**WHAT THE TASK REQUIRES**
Every record below is to be restated word for word, and no picture is to be copied.

Start of RECORD EXTRACTS

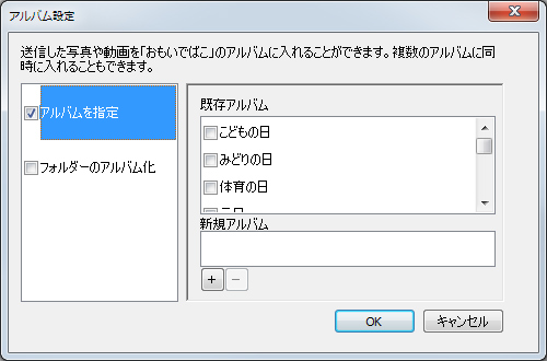 「アルバム設定」から、すでに出来上がってるアルバムに転送もできるし、フォルダごとアルバム化して転送もできる。
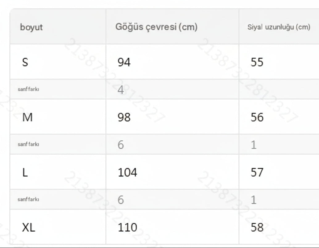 | Popüler dosyalar | Kontrast renk | Giysi uzunluğu | Sıradan stil (50CM<uzunluk≤65CM) |
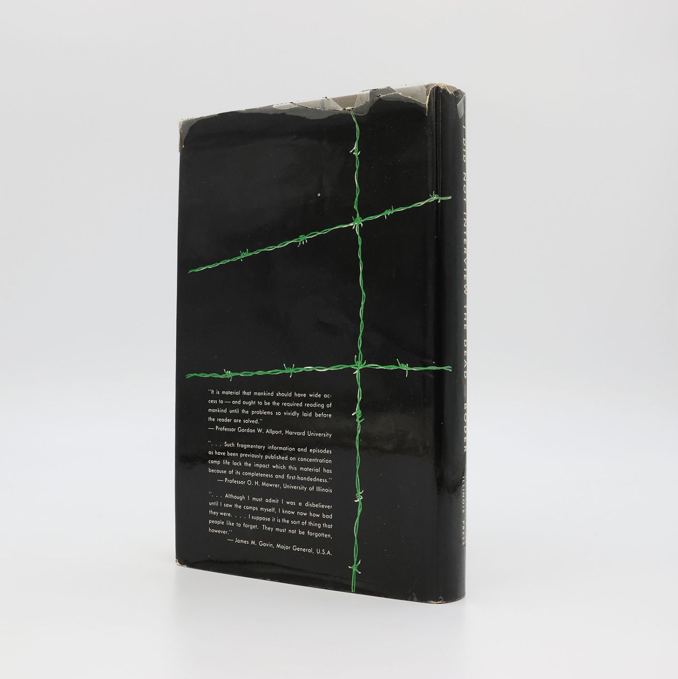 First edition, first printing of David Boder's pioneering work of Holocaust testimony. Publisher's original grey cloth stamped with dark grey barbed wire detail to the upper and lower board and with titles in grey to the spine, in dustwrapper. A very good or better copy, the binding square and firm with a little bumping at the spine tips, the cloth bright and fresh. The contents, with some toning to the front endpaper and half title (where a couple of newspaper clippings had been loosely laid in), are otherwise clean throughout and without inscriptions or stamps. Complete with the rubbed and nicked dustwrapper that has several short closed tears and some small chips to the top edge of the rear panel. Not price-clipped ($3.50 to the upper corner of the front flap). Scarce.
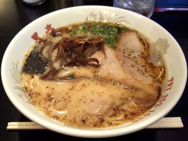 で、空いてたカウンター席に座り、ラーメンをいただいたのですが、やっぱり美味しかった!スープは、濃すぎず薄すぎず、ダシもタレもなんともいい塩梅。またダシには豚の頭を使用するとのことですが、それにもかかわらず、嫌なくどさが全くないですね。それと麺は、中くらいの太さの、コシのあるストレート麺。あと具のチャーシューは肉の味と歯応えの楽しめるタイプで、他に、キクラゲの千切り、青ネギ、海苔。そしてこれらが、熊本ラーメンの特徴であるニンニク風味(ちなみに、こちらのお店ははマー油というより、微細な揚げニンニクを使用していました。)によって、何とも絶妙にまとまっていました。
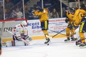 The Flyers took the game to the Stars in the opening minutes of the second period and Winquist and Johan Porsberger both tested Fiske. The Stars went on their first powerplay in the 23rd minute with Jameson getting the gate for tripping but the Flyers produced a strong kill to return to full strength without giving up a shot on Purboo. Jackson Desouza was next in the box on a hooking call but the Flyers couldn’t get anything set up and as the penalty was winding down Emmerdahl was called for interference. With Stars returning to full strength and on the power play Ian Scheid took the puck coast to coast with a shorthanded bid with Fiske having to make a save before Purboo came up with a big pad save to deny Bradley Schoonbaert as the Flyers completed the kill. The Flyers were in penalty trouble as both Winquist and Garet Hunt were called 20 seconds apart for slashing infractions. The Stars with a long two man advantage found Purboo in fine form as he made a handful of fine stops and as Hunt stepped back on the ice at even strength he had a breakaway on Fiske but the puck bobbled as he got his shot away that sailed over the bar. The final save of the period came from Purboo who got the cuff of his glove on a McBean shot.
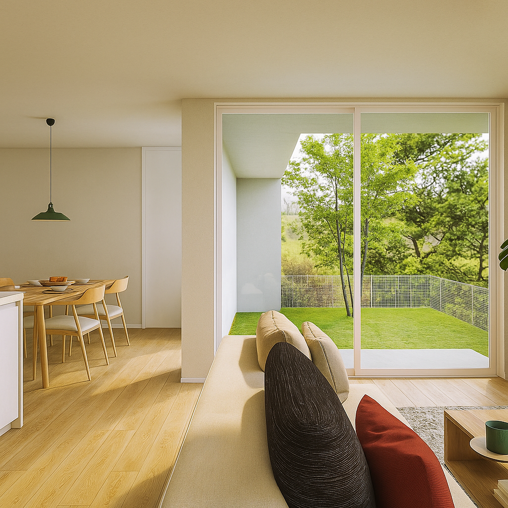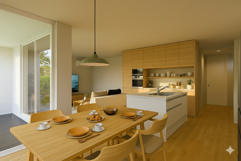 生活のすべてがワンフロアで完結する平屋のメリットを最大限に活かし、広々としたLDKには視覚的な広がりを生む工夫が凝らされています。
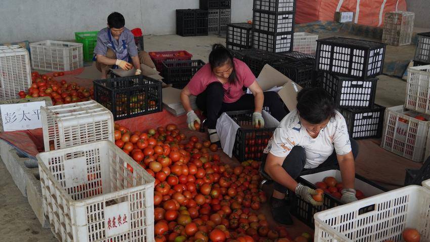 湖北日报客户端讯(通讯员 徐可、周琦)眼下,鹤峰县中营镇岩屋冲村的450亩西红柿陆续挂果成熟,田间地头、生产车间农户们忙着采摘、分拣、销售,累累硕果不仅映红了田间地头,更照亮了农户们的增收致富路。
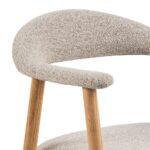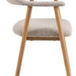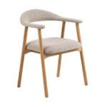 Jedilni stol Addimio z naslonjali za roke je model v stilu boho z oblazinjenim sedežem in naslonjalom. Konstrukcija je iz oljenega, masivnega hrastovega lesa. Stabilno podnožje in popolno profilirano hrbtišče zagotavljata udobje pri sedenju. Blago za sedeže in naslonjala je gosto tkano v prijetnem in toplem bež odtenku. Zanimiva tekstura in zelo gosto prepletanje materiala ustvarja popolno kombinacijo z naravnimi lesnimi vlakni nog. Največja nosilnost stola je 110 kg.
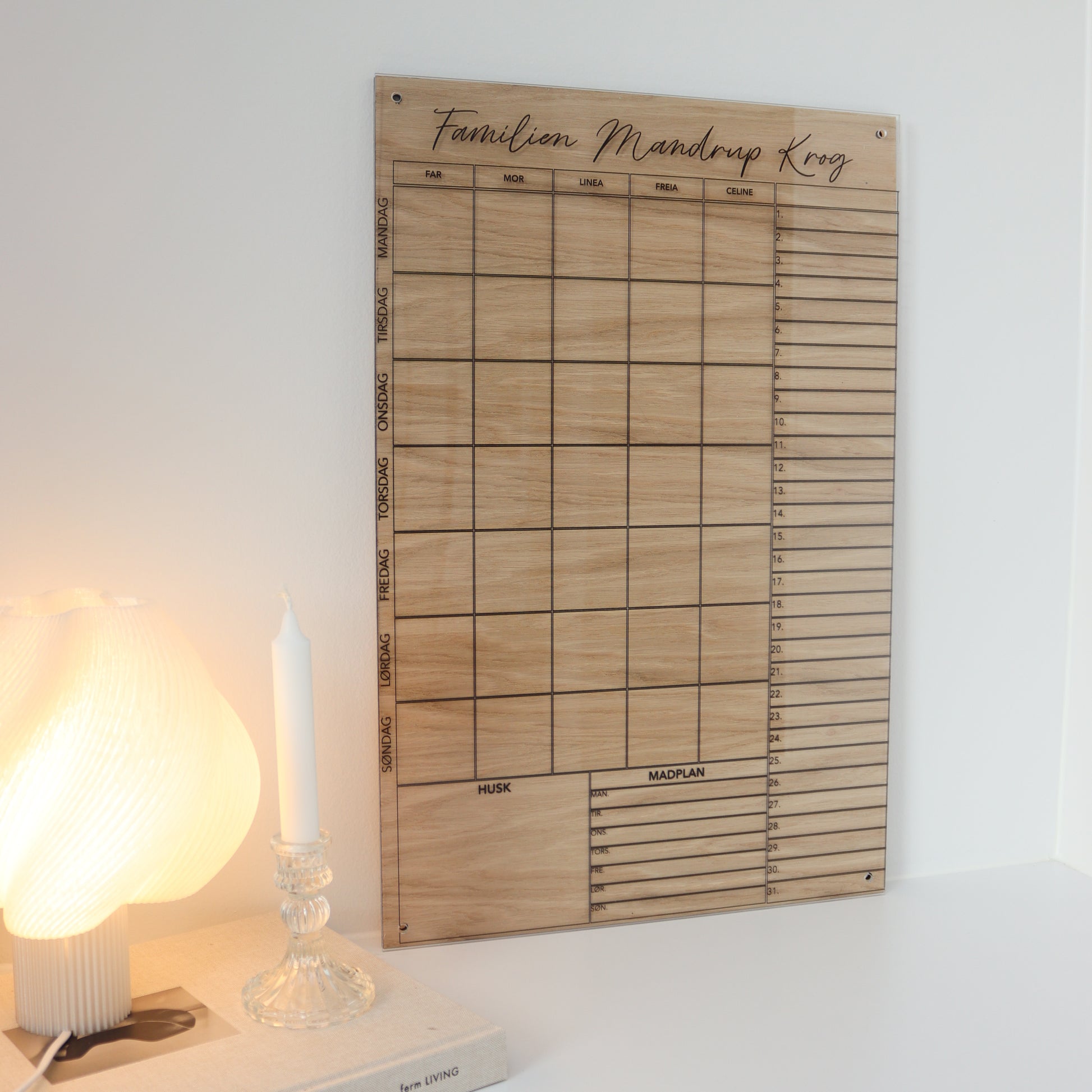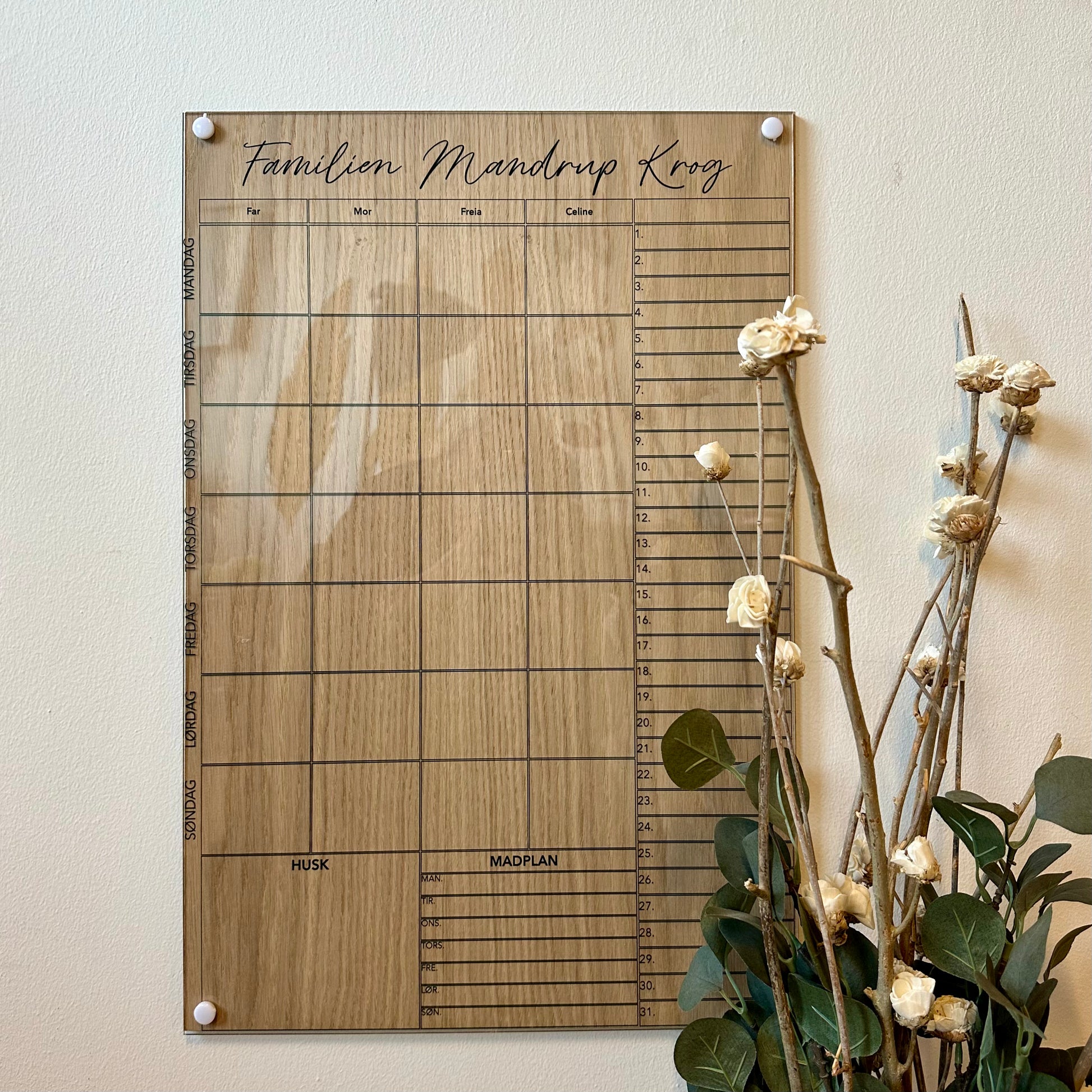 Introducerer vores Egetræs Familiekalender – en elegant og praktisk måde at organisere din families hektiske liv på. Denne fine kalender kombinerer funktionalitet og æstetik, da den er printet på en gennemsigtig akrylplade så den bevarer sine rene linjer, og har en forbløffende bagside af egetræs finér, som giver et smukt udseende.
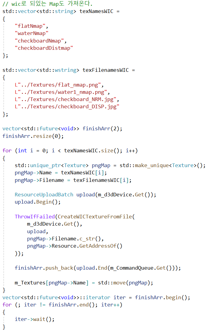 - 이전과 비슷한 방식으로 wave Texture View 만들고... 쉐이더 컴파일하고, PSO 만들고, Material 만들고/업데이트하고, RenderItem 만들고... 그냥 그렇게 했다.
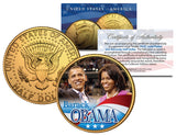 Here is your opportunity to own or gift the “BARACK & MICHELE OBAMA” colorized 2008 JFK Kennedy Half Dollar U.S. Coin, which has been layered in Genuine 24 Karat Gold, and then beautifully enhanced with colorized images by the Merrick Mint. This is the first-ever Barack & Michele Obama legal tender coin. Each coin comes in a premium coin capsule with a full color Certificate of Authenticity to guarantee that your coin is authentic and recognized by every monetary authority around the world, assuring its Collector Edition status. This Legal Tender United States coin has been colorized with an application of special inks directly to the surface of the coin, using a unique and painstakingly multicolor coin process, which achieves a level of detail, color saturation, and durability that is #1 in the coin industry. The result is an everlasting colorized coin collectible of ultra-high quality. The 2008 Kennedy half dollar is a U.S. fifty cent coin with mint marks chosen at random.
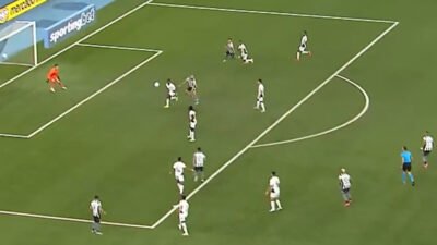 O curioso é que a bola começou em posse dos equatorianos. Contudo, o atacante Arthur Cabral recuperou a redonda e fez o passe na esquerda para Montoro, que foi parcialmente desarmado pelo zagueiro Richard Mina.
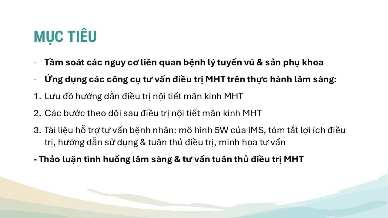 Hướng dẫn thực hành: tư vấn lợi ích - nguy cơ khi điều trị MHT và sử dụng lâu dài
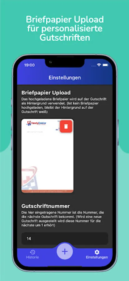 - Your company details or your own stationery (upload via settings) can be displayed on the credit note.
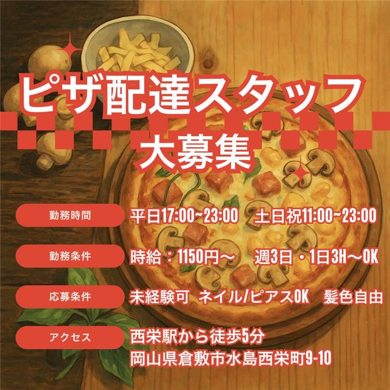 職種/仕事内容 | 仕事内容 ▼こんな仕事をお任せします▼ ◆ピザやサイドメニューのデリバリー ◆チラシのポスティング ◆接客・店内作業 配達はお店の近隣住宅がメインです★ 1~2週間で業務に慣れます◎ 注文が入ったら、地図で確認して配達! 最初は先輩と一緒なので安心です♪ 「私にもできるかな…」 「初めてのアルバイトだけど大丈夫かな…」 と不安に思うかもしれませんが、 面倒見の良いベテラン先輩が1つ1つ丁寧に 教えていくのでご安心ください♪ 未経験やアルバイトデビュー大歓迎♪ 最初は笑顔でご挨拶が出来ればOK! 難しい業務も一切ないのでご安心下さい◎ ▼簡単な入社後の流れについて▼ ①デリバリー方法やバイクの乗り方など、 簡単な研修からスタート ②当店が用意したバイクで配達スタート 初めは先輩に同行するので安心です◎ ②1~2週間を目安に1人でチャレンジ 覚えるスピードは人それぞれなので、 不安なことは何でも教えてください♪ |
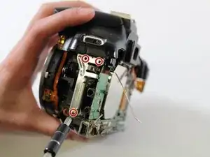 Отверткой PH000 отвинтите два винта 3 мм на правой стороне камеры (со стороны ЖК-экрана).

End of RECORD EXTRACTS

**TASK ANSWER**
 「アルバム設定」から、すでに出来上がってるアルバムに転送もできるし、フォルダごとアルバム化して転送もできる。
 | Popüler dosyalar | Kontrast renk | Giysi uzunluğu | Sıradan stil (50CM<uzunluk≤65CM) |
 First edition, first printing of David Boder's pioneering work of Holocaust testimony. Publisher's original grey cloth stamped with dark grey barbed wire detail to the upper and lower board and with titles in grey to the spine, in dustwrapper. A very good or better copy, the binding square and firm with a little bumping at the spine tips, the cloth bright and fresh. The contents, with some toning to the front endpaper and half title (where a couple of newspaper clippings had been loosely laid in), are otherwise clean throughout and without inscriptions or stamps. Complete with the rubbed and nicked dustwrapper that has several short closed tears and some small chips to the top edge of the rear panel. Not price-clipped ($3.50 to the upper corner of the front flap). Scarce.
 で、空いてたカウンター席に座り、ラーメンをいただいたのですが、やっぱり美味しかった!スープは、濃すぎず薄すぎず、ダシもタレもなんともいい塩梅。またダシには豚の頭を使用するとのことですが、それにもかかわらず、嫌なくどさが全くないですね。それと麺は、中くらいの太さの、コシのあるストレート麺。あと具のチャーシューは肉の味と歯応えの楽しめるタイプで、他に、キクラゲの千切り、青ネギ、海苔。そしてこれらが、熊本ラーメンの特徴であるニンニク風味(ちなみに、こちらのお店ははマー油というより、微細な揚げニンニクを使用していました。)によって、何とも絶妙にまとまっていました。
 The Flyers took the game to the Stars in the opening minutes of the second period and Winquist and Johan Porsberger both tested Fiske. The Stars went on their first powerplay in the 23rd minute with Jameson getting the gate for tripping but the Flyers produced a strong kill to return to full strength without giving up a shot on Purboo. Jackson Desouza was next in the box on a hooking call but the Flyers couldn’t get anything set up and as the penalty was winding down Emmerdahl was called for interference. With Stars returning to full strength and on the power play Ian Scheid took the puck coast to coast with a shorthanded bid with Fiske having to make a save before Purboo came up with a big pad save to deny Bradley Schoonbaert as the Flyers completed the kill. The Flyers were in penalty trouble as both Winquist and Garet Hunt were called 20 seconds apart for slashing infractions. The Stars with a long two man advantage found Purboo in fine form as he made a handful of fine stops and as Hunt stepped back on the ice at even strength he had a breakaway on Fiske but the puck bobbled as he got his shot away that sailed over the bar. The final save of the period came from Purboo who got the cuff of his glove on a McBean shot.
 生活のすべてがワンフロアで完結する平屋のメリットを最大限に活かし、広々としたLDKには視覚的な広がりを生む工夫が凝らされています。
 湖北日报客户端讯(通讯员 徐可、周琦)眼下,鹤峰县中营镇岩屋冲村的450亩西红柿陆续挂果成熟,田间地头、生产车间农户们忙着采摘、分拣、销售,累累硕果不仅映红了田间地头,更照亮了农户们的增收致富路。
 Jedilni stol Addimio z naslonjali za roke je model v stilu boho z oblazinjenim sedežem in naslonjalom. Konstrukcija je iz oljenega, masivnega hrastovega lesa. Stabilno podnožje in popolno profilirano hrbtišče zagotavljata udobje pri sedenju. Blago za sedeže in naslonjala je gosto tkano v prijetnem in toplem bež odtenku. Zanimiva tekstura in zelo gosto prepletanje materiala ustvarja popolno kombinacijo z naravnimi lesnimi vlakni nog. Največja nosilnost stola je 110 kg.
 Introducerer vores Egetræs Familiekalender – en elegant og praktisk måde at organisere din families hektiske liv på. Denne fine kalender kombinerer funktionalitet og æstetik, da den er printet på en gennemsigtig akrylplade så den bevarer sine rene linjer, og har en forbløffende bagside af egetræs finér, som giver et smukt udseende.
 - 이전과 비슷한 방식으로 wave Texture View 만들고... 쉐이더 컴파일하고, PSO 만들고, Material 만들고/업데이트하고, RenderItem 만들고... 그냥 그렇게 했다.
 Here is your opportunity to own or gift the “BARACK & MICHELE OBAMA” colorized 2008 JFK Kennedy Half Dollar U.S. Coin, which has been layered in Genuine 24 Karat Gold, and then beautifully enhanced with colorized images by the Merrick Mint. This is the first-ever Barack & Michele Obama legal tender coin. Each coin comes in a premium coin capsule with a full color Certificate of Authenticity to guarantee that your coin is authentic and recognized by every monetary authority around the world, assuring its Collector Edition status. This Legal Tender United States coin has been colorized with an application of special inks directly to the surface of the coin, using a unique and painstakingly multicolor coin process, which achieves a level of detail, color saturation, and durability that is #1 in the coin industry. The result is an everlasting colorized coin collectible of ultra-high quality. The 2008 Kennedy half dollar is a U.S. fifty cent coin with mint marks chosen at random.
 O curioso é que a bola começou em posse dos equatorianos. Contudo, o atacante Arthur Cabral recuperou a redonda e fez o passe na esquerda para Montoro, que foi parcialmente desarmado pelo zagueiro Richard Mina.
 Hướng dẫn thực hành: tư vấn lợi ích - nguy cơ khi điều trị MHT và sử dụng lâu dài
 - Your company details or your own stationery (upload via settings) can be displayed on the credit note.
 職種/仕事内容 | 仕事内容 ▼こんな仕事をお任せします▼ ◆ピザやサイドメニューのデリバリー ◆チラシのポスティング ◆接客・店内作業 配達はお店の近隣住宅がメインです★ 1~2週間で業務に慣れます◎ 注文が入ったら、地図で確認して配達! 最初は先輩と一緒なので安心です♪ 「私にもできるかな…」 「初めてのアルバイトだけど大丈夫かな…」 と不安に思うかもしれませんが、 面倒見の良いベテラン先輩が1つ1つ丁寧に 教えていくのでご安心ください♪ 未経験やアルバイトデビュー大歓迎♪ 最初は笑顔でご挨拶が出来ればOK! 難しい業務も一切ないのでご安心下さい◎ ▼簡単な入社後の流れについて▼ ①デリバリー方法やバイクの乗り方など、 簡単な研修からスタート ②当店が用意したバイクで配達スタート 初めは先輩に同行するので安心です◎ ②1~2週間を目安に1人でチャレンジ 覚えるスピードは人それぞれなので、 不安なことは何でも教えてください♪ |
 Отверткой PH000 отвинтите два винта 3 мм на правой стороне камеры (со стороны ЖК-экрана).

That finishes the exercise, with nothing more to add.